“Il mio è un rap differente, che si concentra sul contenuto anziché su muscoli e tatuaggi. Non ammicca ai violenti da stadio o agli ‘‘ndranghetisti‘, ma vuole dare voce a chi non ne ha”. Non fa nomi, ma i riferimenti ai recenti fatti di cronaca che hanno coinvolto rapper italiani sono evidenti per Kento, al secolo Francesco Carlo, che utilizza la musica per parlare ai giovani negli istituti penali minorili e si è esibito sul palco dell’Ariston durante la consegna del Premio Yorum, assegnato dal Club Tenco al rapper iraniano Toomaj Salehi, attualmente detenuto dopo avere rischiato l’impiccagione.
Kento ha presentato un singolo intitolato ‘Free Toomaj’. “È un messaggio di libertà – dichiara il rapper – libertà di espressione e anche fisica, in riferimento a Toomaj”. Il rap, osserva, “è stato la voce di molte esperienze, sia belle che brutte, e questa sera cerchiamo di ridargli un senso positivo, tornando alla sua missione originale. Nel nostro piccolo, ci mettiamo a disposizione. Tenco non avrebbe apprezzato questo rap superficiale e pieno di banalità che va di moda adesso”.

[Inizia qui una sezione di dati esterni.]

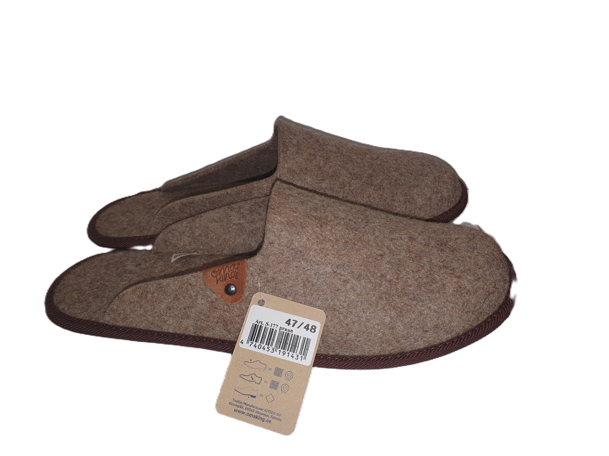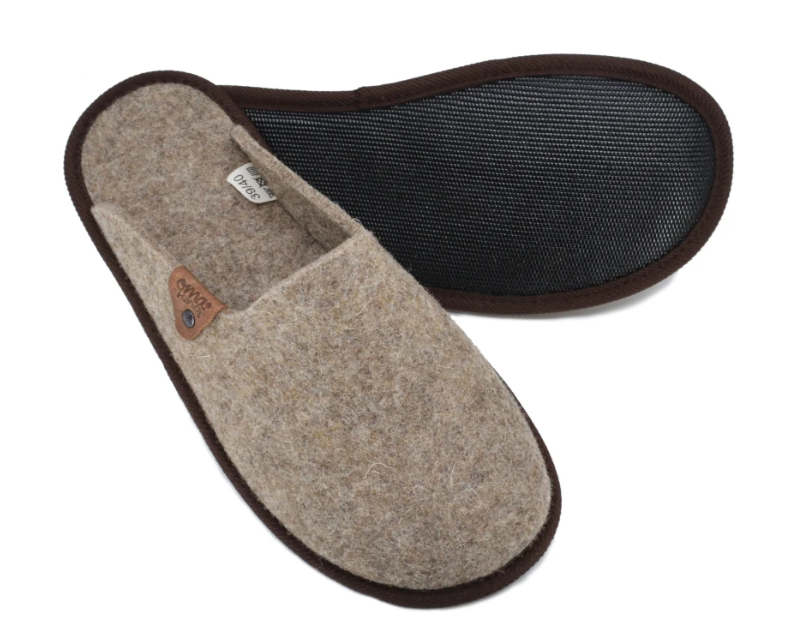 Omaking Pelsi aamutossut ovat luonnollisesta villahuovasta valmistetut helposti jalkaan pistettävät vaaleanruskeat sisätohvelit. Ohut ulkopohja on kumia.

Per i giovani delle scuole e delle carceri, la musica è il primo sfogo emotivo e Kento lo sa bene. “I ragazzi non sono abituati a essere ascoltati, ma esprimono ciò che hanno dentro – sottolinea -. A volte basta un piccolo gesto, come mettergli in mano una penna e un foglio a righe, e tirano fuori cose straordinarie”. Sicuramente, se i ragazzi hanno adulti intorno che danno loro spazio e li ascoltano, “hanno una possibilità in più che spesso, soprattutto per i detenuti, manca”. E anche il rap può essere un prezioso contributo. “Oggi è impossibile pensare al rap senza soldi, mercato e guadagni vi commerciali e ci sta – osserva Kento -. L’importante è non credere che il rap sia solo quello ma mantenere lo spirito originario, che è quello della strada, ed è quello che provo a fare sia in prima persona sia dando voce ai ragazzi che seguo”.